O desaparecer da ausência não me torna presença

A permanência não faz falta na presença. A presença é perder o amor para a vida. Amor é o que faz a vida acontecer, sem a saudade de ser. O interminável acaba pelo infinito, onde o interminável era o sonho, o ar, a vida, nunca o ser. A vida pode começar pelo seu fim. Sem morte, sem adeus, há apenas tua ausência, vida, pela falta que ficou o morrer em ti. Nada mais morreu, mas de repente tudo se foi sem morrer, como se pudesse ser a presença de algo. Algo não é presença para o nada, por isso o nada se foi em algo, e a morte, abandonada, chorou uma presença antiga: a de te ver, vida, ao menos a morte te vê vida, que o sempre esteja em ti, vida, nem que seja como morte sem sombra do adeus. A única despedida foi a de sofrer! Presença e ausência são o mesmo olhar, o mesmo amor, que damos à vida. O amor ausente é maior, ele renasce, como minha morte, como sendo o amor por mim mesma: morrer, morrer…
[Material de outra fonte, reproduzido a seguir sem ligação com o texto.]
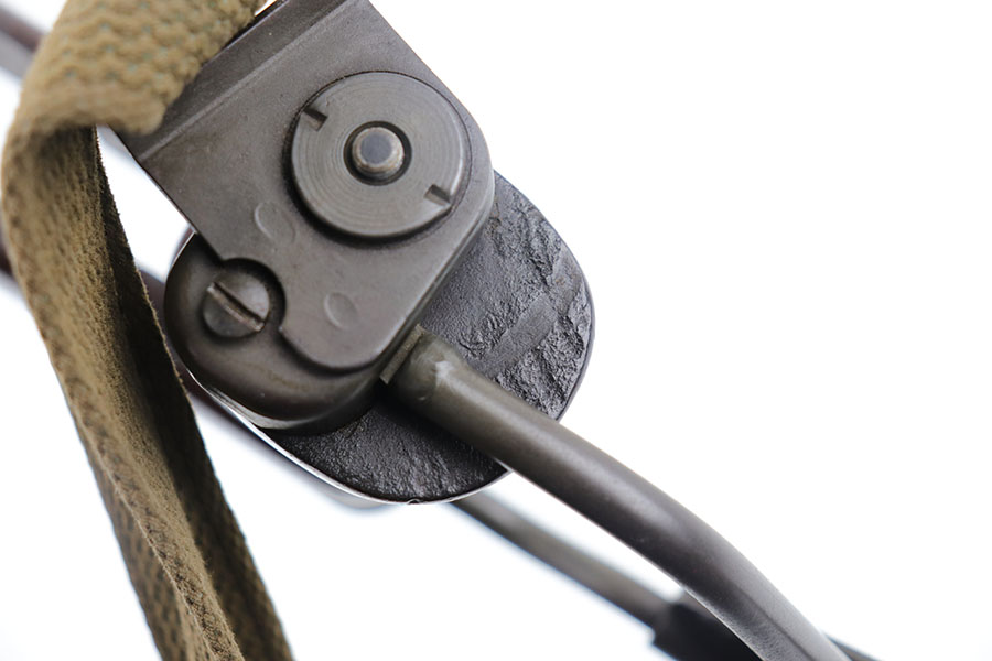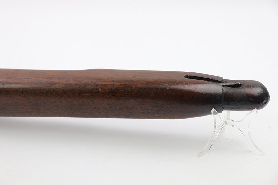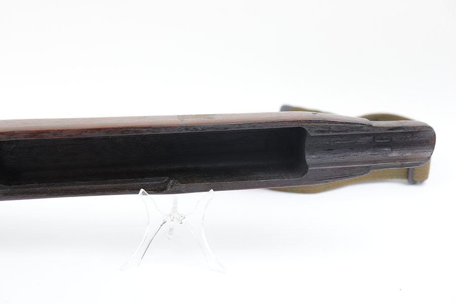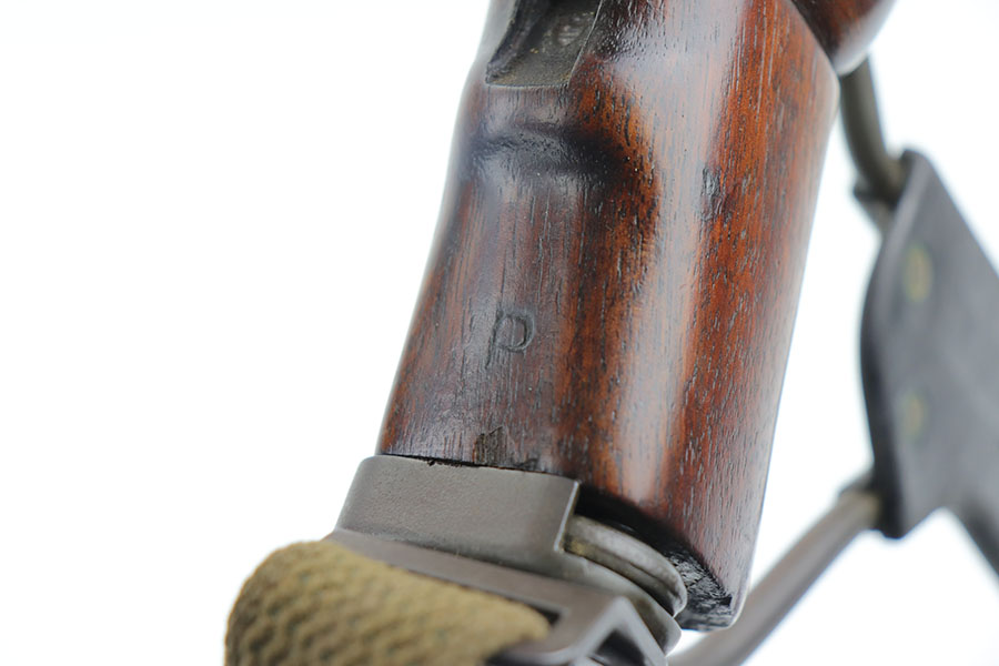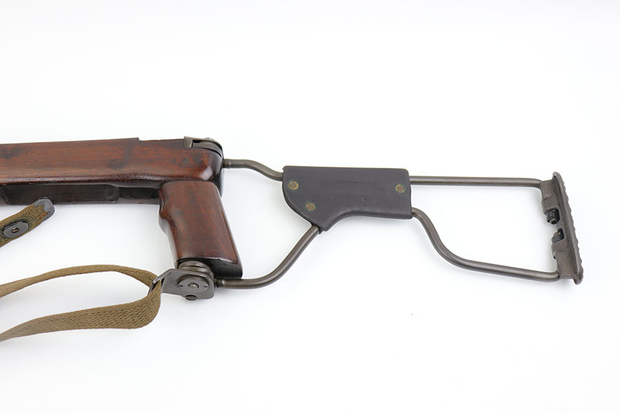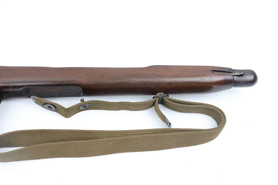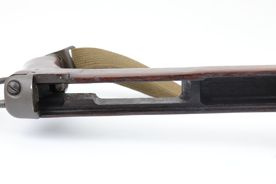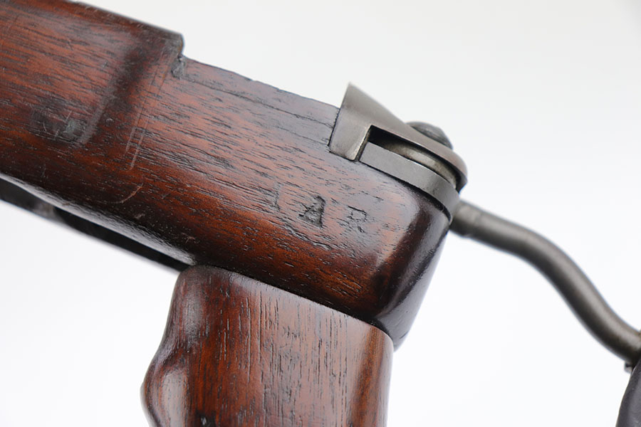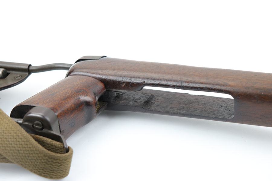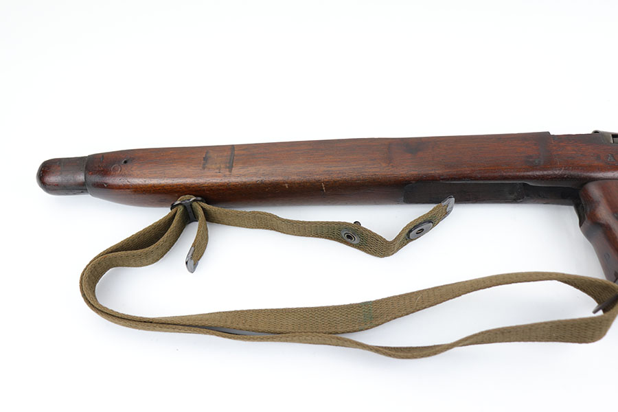3/10/20 – This is a scarce M1-A1 Paratrooper carbine stock that was likely re-worked for the Korean War. Early low wood with no pot belly. Excellent wood condition with the standard indents on the left side that result from the stock being folded into it. Comes with original folding stock and cheekpad. Pistol grip has the World War II crossed cannons cartouche on it. Left side has an arsenal proof (AAR). Comes with original, early sling.

O sofrer sem o eterno de ser

A vida é uma nova essência, nova permanência, onde o meu eu é apenas aparência disso tudo. O que há de especial em morrer é o sofrer sem o eterno de ser. Como pode haver permanência na morte, no ser? A mesma permanência da morte é a mesma do ser? Como o ser nega a morte? Sem viver não é morrer, negando a morte. O real é apenas morte: o fim do sentimento é a vida do ser! Que a vida dure apenas por durar, permanecendo a morte, ultrapassando a morte sem o além.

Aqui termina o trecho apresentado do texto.